SEATTLE -- A new 64-car, 750-passenger ferry could be plying the waters between Port Townsend and Keystone in May 2010 after the state Department of Transportation on Monday awarded an 18-month, $65.5 million contract to Todd Pacific Shipyards of Seattle.

"We want to sit down with Todd to start work as quickly as possible," David Moseley, assistant state Transportation secretary for ferries, said Monday afternoon following the contract announcement.

The Island Home-model ferry ¬-- named after a popular vessel, Island Home, plying waters in Massachusetts -- would replace the smaller, less stable 50-car Steilacoom II ferry that the state is leasing from Pierce County.

Todd would build it at the company's Harbor Island-based yard.
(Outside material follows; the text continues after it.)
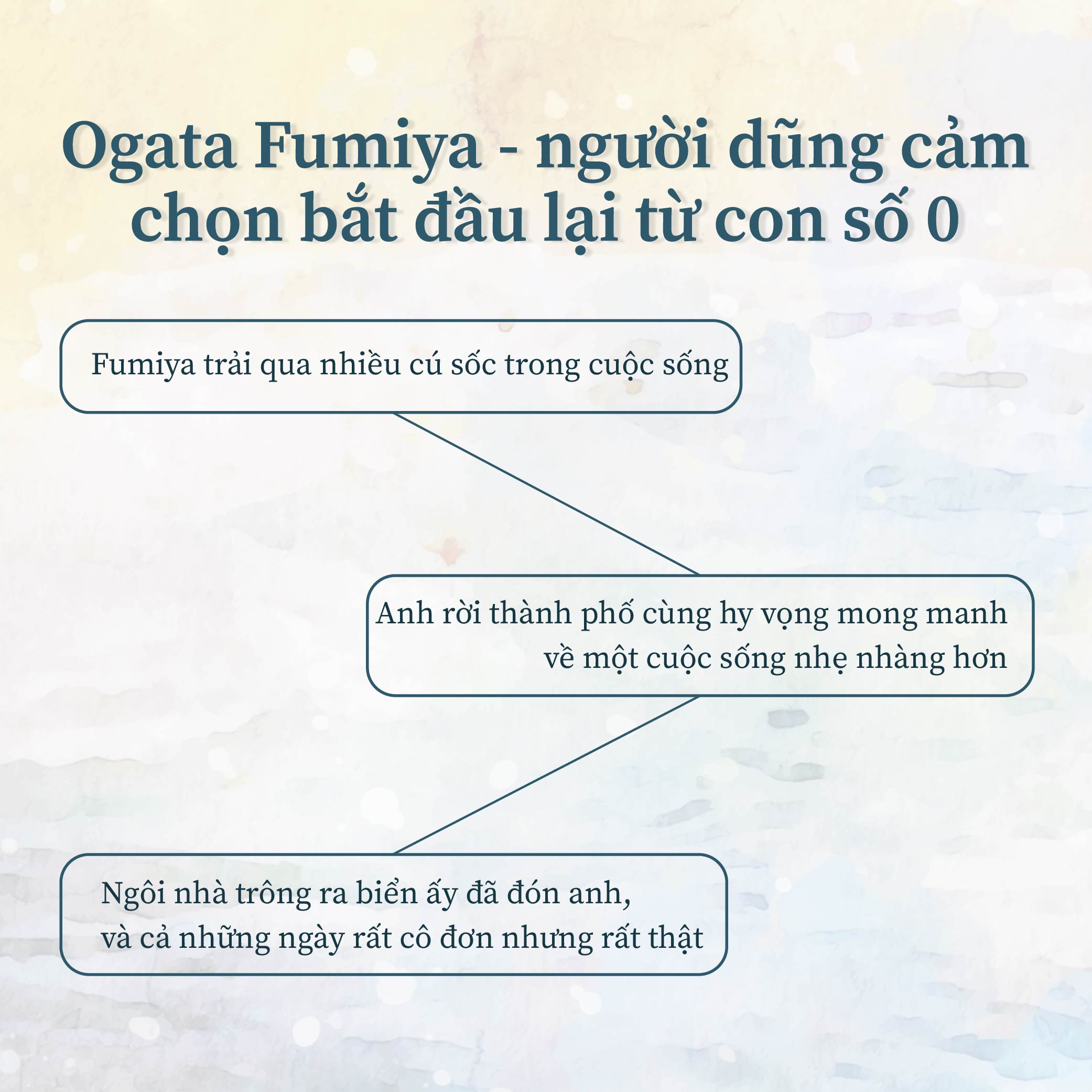 Được viết bằng những câu văn dung dị, nhẹ nhàng nhưng lại chứa đựng thông điệp chân thành và sâu sắc về cuộc sống, hãy đồng hành với Fumiya để tìm ra câu trả lời và cùng anh khám phá, kiếm tìm một cách sống mới mẻ, trọn vẹn, cũng như ý nghĩa hơn trên cuộc đời này.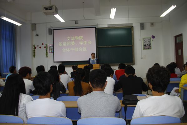 2014年9月29日中午12点,文法学院在A楼301教室召开基层团委、学生会全体干部会议。文法学院基层团委书记吴艳及全体学生会

The job is expected to employ about 200 union laborers.

The next steps toward construction include a signed contract and contract security from Todd Shipyards. Once that is received, the state will issue a notice to proceed, followed by delivery of the vessel 540 days later, Moseley said.

He said his agency plans to work with the state Legislature during its 2009 session to determine what direction to take next and in an attempt to resolve funding issues to possibly build another ferry for the Port Townsend route -- and perhaps more Island Home models for elsewhere in the system.

Future ferries

The size, quantity and quality of future ferries will be the key points before lawmakers, he said.

Recently, Moseley said, the Cedar River Group, a maritime consulting firm, recommended the state consider building four Island Home models and delay until 2020 the construction of four 144-car ferries for the other more heavily traveled routes, such as Kingston-Edmonds, Bainbridge and Bremerton to Seattle.

Mayor Michelle Sandoval recently voiced support for that proposal.

Moseley said the state needs "to get about the business of building new boats."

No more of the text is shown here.